Sailors' Snug Harbor includes 26 Greek Revival, Beaux Arts, Italianate and Victorian style buildings. Among those are "Temple Row", five interlocking Greek Revival buildings labeled A through E. The buildings are set in extensive, landscaped grounds, surrounded by the 19th-century cast-iron fence. The grounds also include a chapel and a sailors' cemetery. The cultural center includes the Staten Island Botanical Garden, the Staten Island Children's Museum, the Staten Island Museum, the Newhouse Center for Contemporary Art, and the Noble Maritime Collection, as well as the Art Lab and the Music Hall.

The site is considered Staten Island's "crown jewel" and "an incomparable remnant of New York's 19th-century seafaring past." It is a National Historic Landmark District. Several buildings in the complex are New York City designated landmarks.

History

Creation 

Snug Harbor was founded through a bequest after the 1801 death of Revolutionary War soldier and ship master Captain Robert Richard Randall, namesake of the nearby neighborhood of Randall Manor.  In his will, Randall left his country estate in Manhattan, bounded by Fifth Avenue, Broadway, 10th Street, and the southern side of 8th Street in present-day Greenwich Village, to build an institution to care for "aged, decrepit and worn-out" seamen.

The first meeting of the corporation of Sailors’ Snug Harbor took place in 1806. In its first election, then Mayor DeWitt Clinton was elected president.

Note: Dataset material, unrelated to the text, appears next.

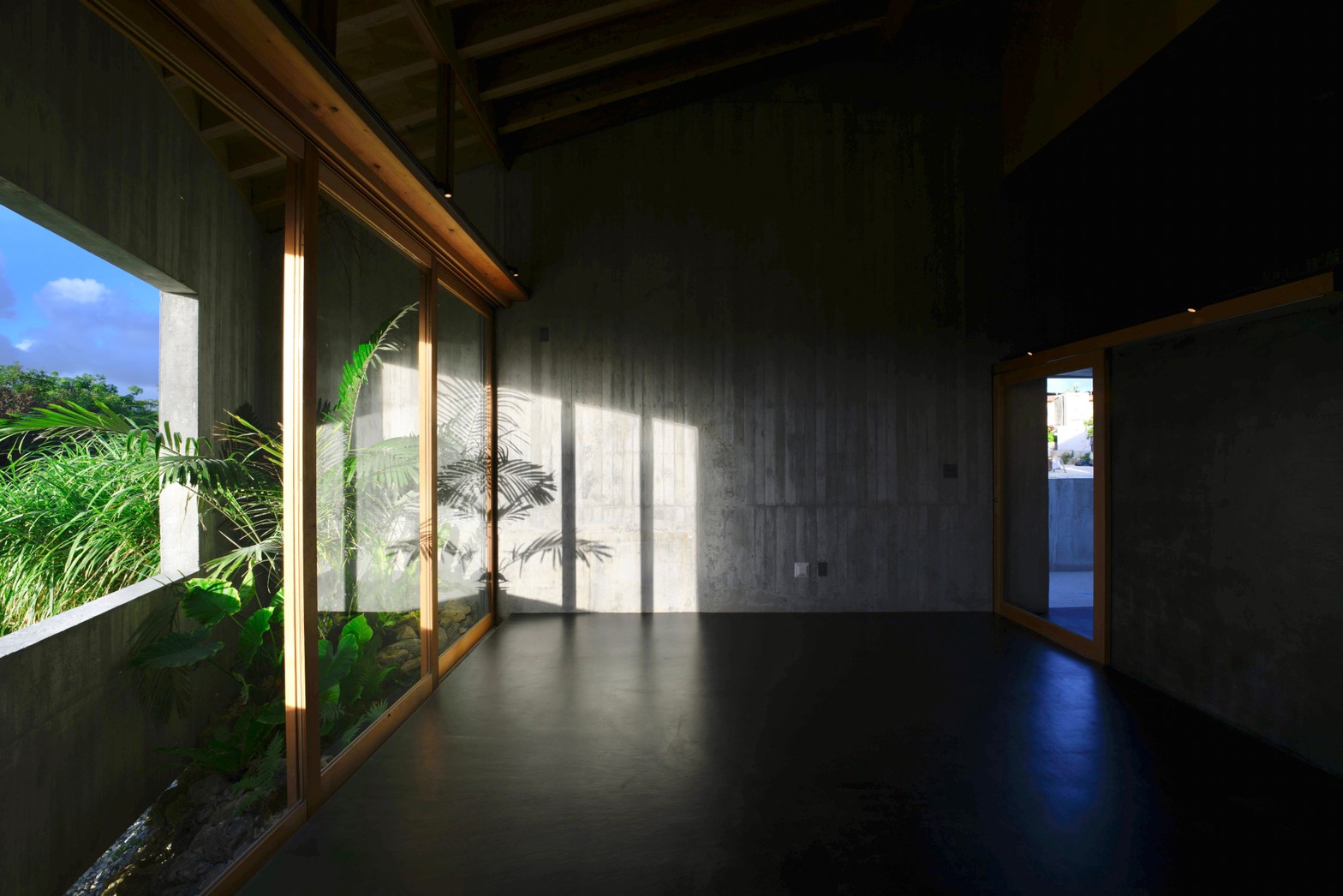 玄関から中庭を見た景色。「沖縄らしい建築」を意図し、沖縄の在来種である植物を植えている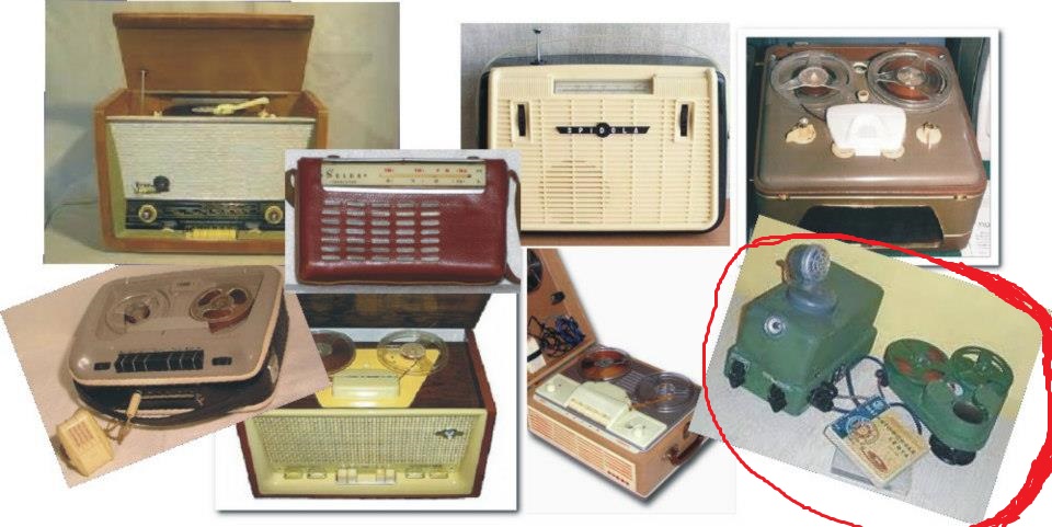 И еще маленький секрет: чтобы голос в эфире звучал «солиднее» динамик, который использовался вместо микрофона (микрофон дорого стоил, а найти старый динамик проблемы не составляло) ставили в большую кастрюлю или в выварку. Магнитофоны были большой редкостью и стоили невероятно больших денег, поэтому у меня была приставка: поставил пятку в радиолу вместо пластинки – и имеешь воспроизведение или запись кассеты 80 метров. Смотрите нижнее правое фото (мы его указали и обвели красным цветом).

Several challenges to Randall's will took place; one by a Stephen Brown who alleged that Randall failed as executor of the estate of his grandfather in New Jersey from which the Randall estate was derived, and one from Anglican Bishop John Inglis of Nova Scotia who alleged he was a proper collateral heir through his common ancestor John Crooke. The corporation was ironically legally represented by Thomas Addis Emmet, a former member of the Society of United Irishmen, an organization inspired by the success of the American Revolution to fight the British in Ireland. Future President Martin Van Buren also served on the defense team, and Daniel Webster provided counsel to the plaintiffs.

By the time the will challenge was settled, the once-rural land around the Manhattan estate had become well-developed.  Snug Harbor's trustees (appointed by Randall's will, they included the mayor of New York City, the president and vice president of the Marine Society, senior ministers of the Episcopal and Presbyterian Churches, the head of the Chamber of Commerce, and the chancellor of the State) decided to maximize the profits on the Manhattan property.  They changed the proposed site of the institution to another piece of land bequeathed by Randall: a 130-acre plot on Staten Island overlooking the Kill Van Kull. The land was purchased in May 1831.

Sailors' home 

The institution began with a single building, now the centerpiece in the row of five Greek Revival temple-like buildings on the New Brighton waterfront. The first building, now building C, was the first known work to be designed by Minard Lafever and completed in August 1833. When Sailors' Snug Harbor opened with the completion of building C, it became the country's first home for retired merchant seamen. The residents were referred to as "inmates" in the parlance of the day. 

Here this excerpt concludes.